Il mio cervello era ridotto come quello di un bambino, raccoglievo delle cose inutili per terra, con una sacchetta. Anzi, a Raimondo gli detti un vasetto e gli disse che era bello e lo doveva regalare alla sua fidanzata quando ritornava.
Io ero molto appassionato di musica, "Speranze perdute", e avevo molte sigarette che avevo chiesto agli americani ma io non fumavo mai, non ho mai fumato.

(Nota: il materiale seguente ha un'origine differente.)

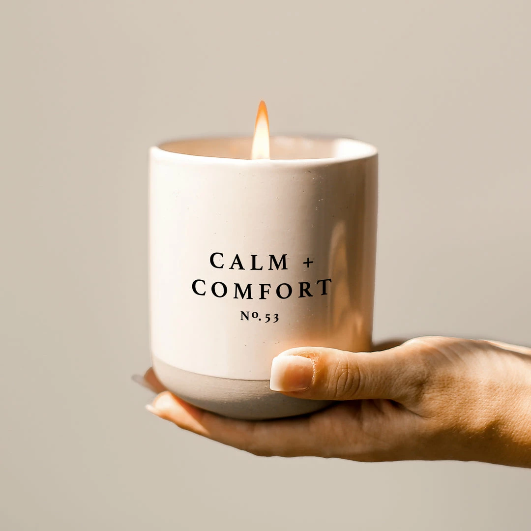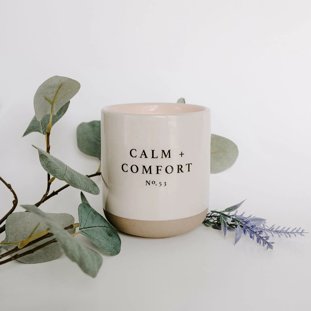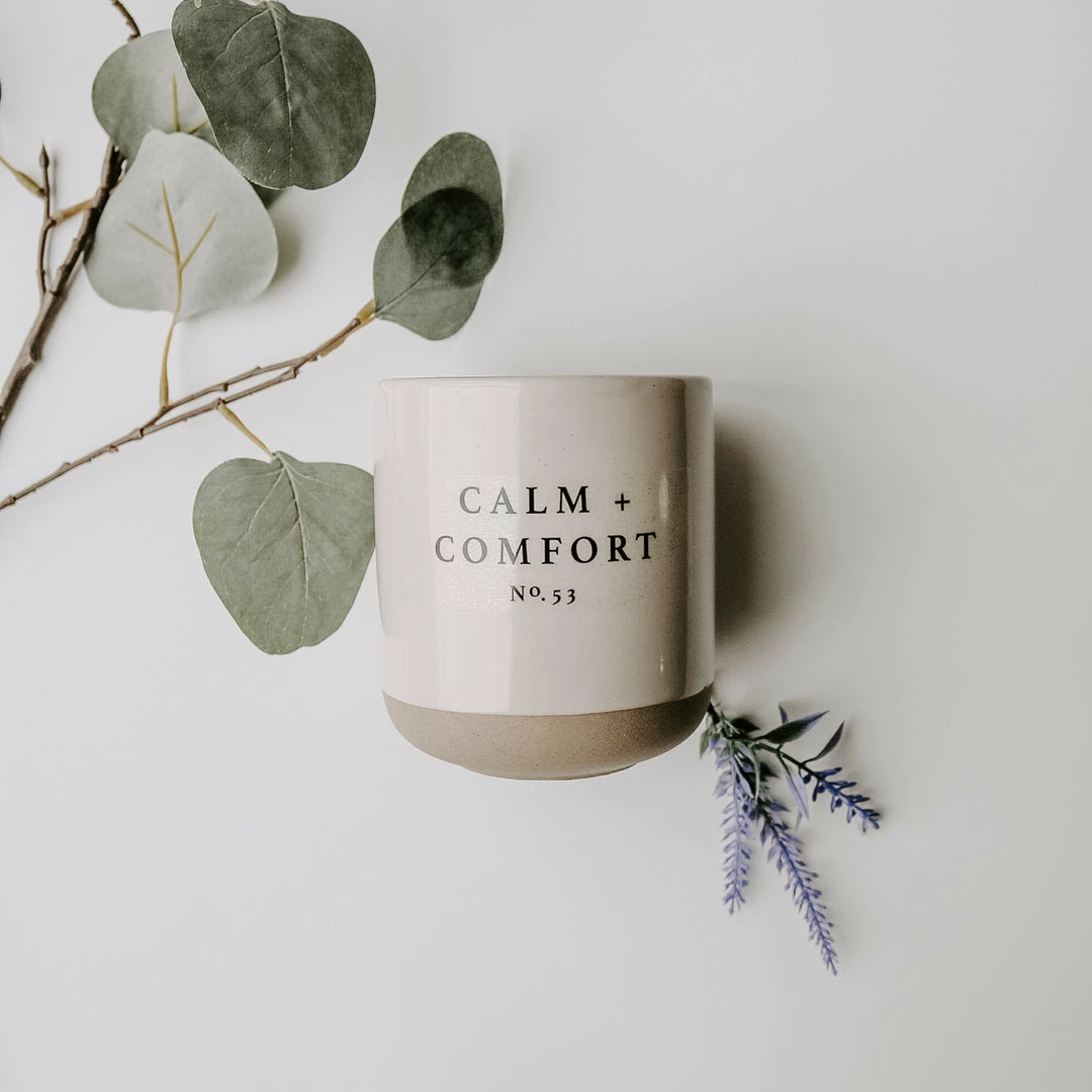Our Calm + Comfort soy candle is a very grounding scent, with gentleΒ notes of lavender, patchouli and eucalyptus. After a long day, light our Calm + Comfort candle to help you relax and unwind.Β The tranquilizingΒ candle fragrance is strong enough to fill your room with the soothing scent, without being over-powering.Β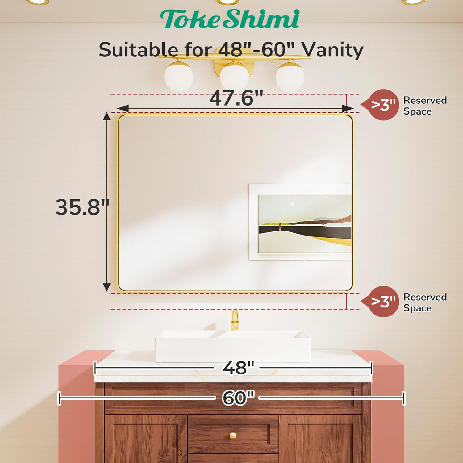 TokeShimi 48x36 Gold Bathroom Mirror for Over Sink,Tempered Glass,Rectangle Mirror for Bathroom,Large Bathroom Mirror for Vanity(Horizontal/Vertical)

Andai da Chicco Calò, Raimondo che avevano trovato dentro la baracca una chitarra e dissi loro: suonatemi "Speranze perdute" e vi regalo tutte queste sigarette. Loro accordarono e mi suonarono "Speranze perdute" e i piangendo sentivo questa musica che stava nel mio cuore.

 

(1)Dal punto di vista dei contenuti il negazionista o revisionista è colui che afferma quanto segue:
1. Gli ebrei non furono uccisi in camere a gas, o almeno non su una scala significativa
2. I nazisti non avevano una politica, e non operarono alcun sistematico tentativo di sterminio degli ebrei d'Europa; e le uccisioni che ebbero luogo furono la conseguenza di eccessi individuali non autorizzati a livello superiore.

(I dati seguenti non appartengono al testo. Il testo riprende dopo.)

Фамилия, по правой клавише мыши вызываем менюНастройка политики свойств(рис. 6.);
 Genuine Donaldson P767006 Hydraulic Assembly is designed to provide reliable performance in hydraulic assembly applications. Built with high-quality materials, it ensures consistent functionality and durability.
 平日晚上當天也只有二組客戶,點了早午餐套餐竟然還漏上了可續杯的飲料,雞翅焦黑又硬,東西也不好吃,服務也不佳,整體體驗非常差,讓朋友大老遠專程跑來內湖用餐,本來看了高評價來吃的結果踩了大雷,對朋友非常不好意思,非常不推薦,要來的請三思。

3. Il numero degli ebrei uccisi non corrisponde a milioni, ma la somma totale delle vittime è di molto inferiore;
4. L'Olocausto è per la maggior parte o in toto un mito forgiato durante la seconda guerra mondiale dalla propaganda alleata e sostenuto dopo la guerra dagli ebrei allo scopo di ottenere aiuti finanziari per il neonato Stato di Israele.
Inoltre secondo tali o presunti studiosi la cosiddetta soluzione finale, di cui qualche documento nazista accenna, altro non era se non l'espulsione degli ebrei verso l'est,dove erano state previste riserve in cui potessero vivere le minoranze etniche. E interessante notare come spesso i negazionisti tendano ad interpretare il linguaggio burocratico secondo il suo significato letterale mentre quando le dichiarazioni sui Campi di sterminio si fanno esplicite, essi passano all'interpretazione metaforica.Le testimonianze nella prospettiva revisionista non assumono nessun valore in quanti si parla di un secolare complotto giudaico mirato alla conquista di tutto il mondo. In tali circostanze risulta perciò necessario porre la questione dell'olocausto in una posizione di assoluta indiscutibilità e dare spazio all'esposizione drammatica e sofferta di chi può assicurarne l'indubitabile storicità.